▶ Required action
Repeat the listing exactly. Pictures stay out of your copy.

▶ Data block
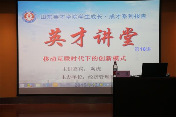 此次以“移动互联时代的商业模式创新”为主题的英才讲堂取得了令人惊喜的效果,整个报告有广度,更有深度,让我们又一次感受了“移动互联网+”时代的商业模式的变化。让我们明白了身处转型期,教师该如何教、学生该如何学,应该学习什么样的教学模式,如何培养学生的创新能力等问题。本次讲解全面提升大学生对移动互联网的认识,加强了他们的创业意识、激发大学生创业潜能,学生们对于移动互联网及创新都有了更深的了解,对于自己的人生职业规划有了进一步思考。
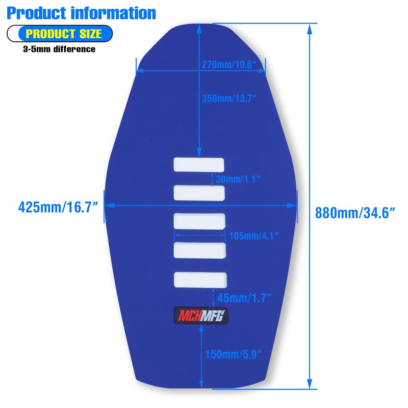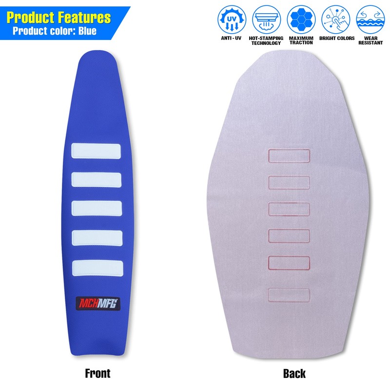 MCHMFG Motorcycle Universal Seat Cover Non-Slip Rubber Striped Gripper Soft Stamp for CRF WR WRF RMZ YZF SXF EXC EXC XC SX CR KLX Dirt Pit Bike Motocross Off Road Motorbike (Blue)
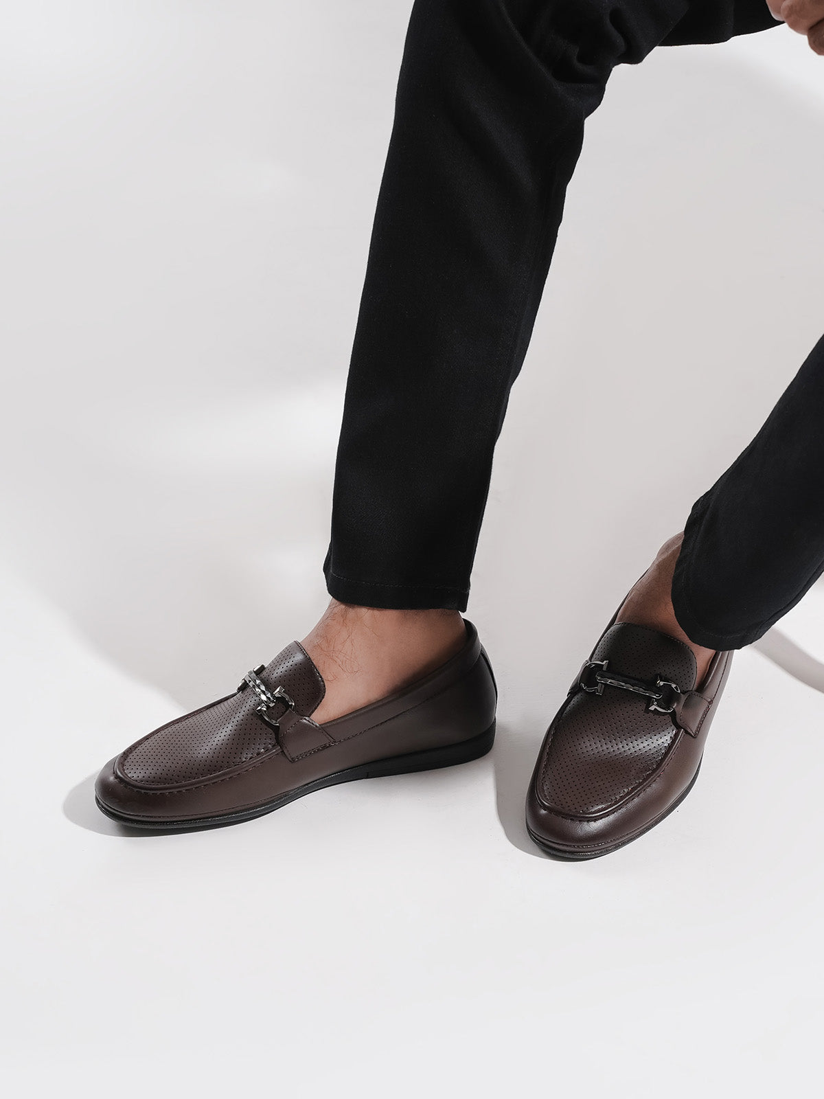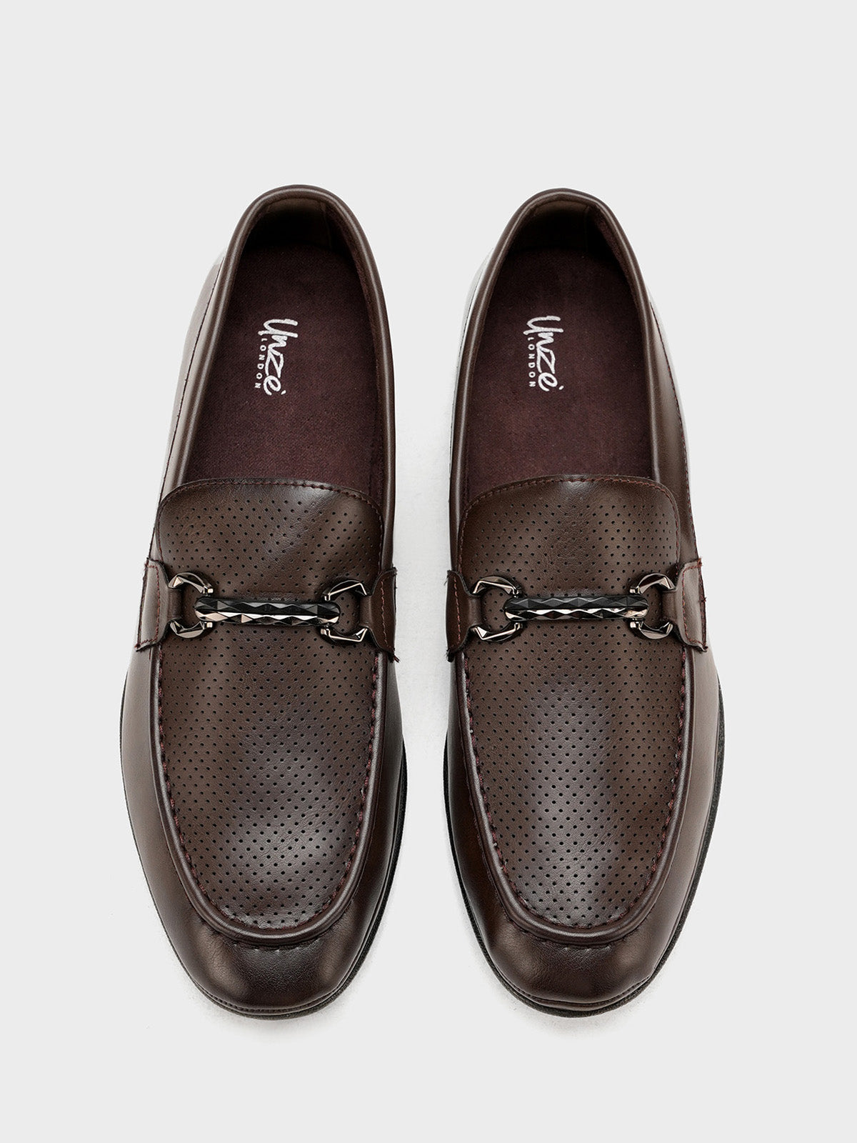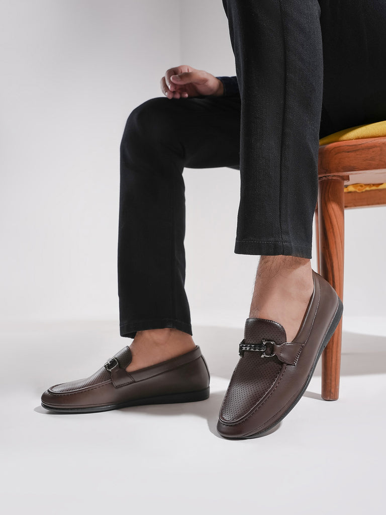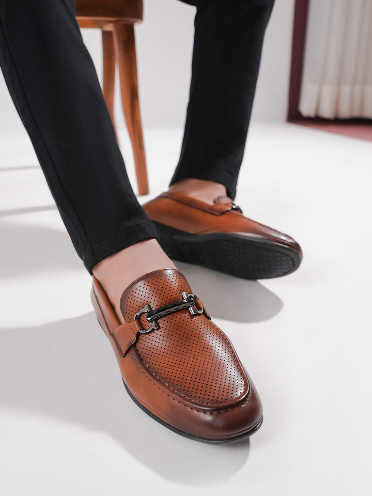 Upgrade your footwear game with these uniquely styled men’s loafers. Designed with a sleek perforated upper and a classy metal buckle, they bring a fresh twist to classic comfort. Ideal for both casual gatherings and smart occasions.
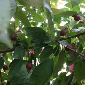 おうちの姫リンゴの実 青い実がなっていたの気づかず💧 だって葉っぱも緑だし💦 花は可愛くて好き でも赤い実なればもっと可愛い でも虫が寄って来るのは嫌

▶ Task answer
 此次以“移动互联时代的商业模式创新”为主题的英才讲堂取得了令人惊喜的效果,整个报告有广度,更有深度,让我们又一次感受了“移动互联网+”时代的商业模式的变化。让我们明白了身处转型期,教师该如何教、学生该如何学,应该学习什么样的教学模式,如何培养学生的创新能力等问题。本次讲解全面提升大学生对移动互联网的认识,加强了他们的创业意识、激发大学生创业潜能,学生们对于移动互联网及创新都有了更深的了解,对于自己的人生职业规划有了进一步思考。
 MCHMFG Motorcycle Universal Seat Cover Non-Slip Rubber Striped Gripper Soft Stamp for CRF WR WRF RMZ YZF SXF EXC EXC XC SX CR KLX Dirt Pit Bike Motocross Off Road Motorbike (Blue)
 Upgrade your footwear game with these uniquely styled men’s loafers. Designed with a sleek perforated upper and a classy metal buckle, they bring a fresh twist to classic comfort. Ideal for both casual gatherings and smart occasions.
 おうちの姫リンゴの実 青い実がなっていたの気づかず💧 だって葉っぱも緑だし💦 花は可愛くて好き でも赤い実なればもっと可愛い でも虫が寄って来るのは嫌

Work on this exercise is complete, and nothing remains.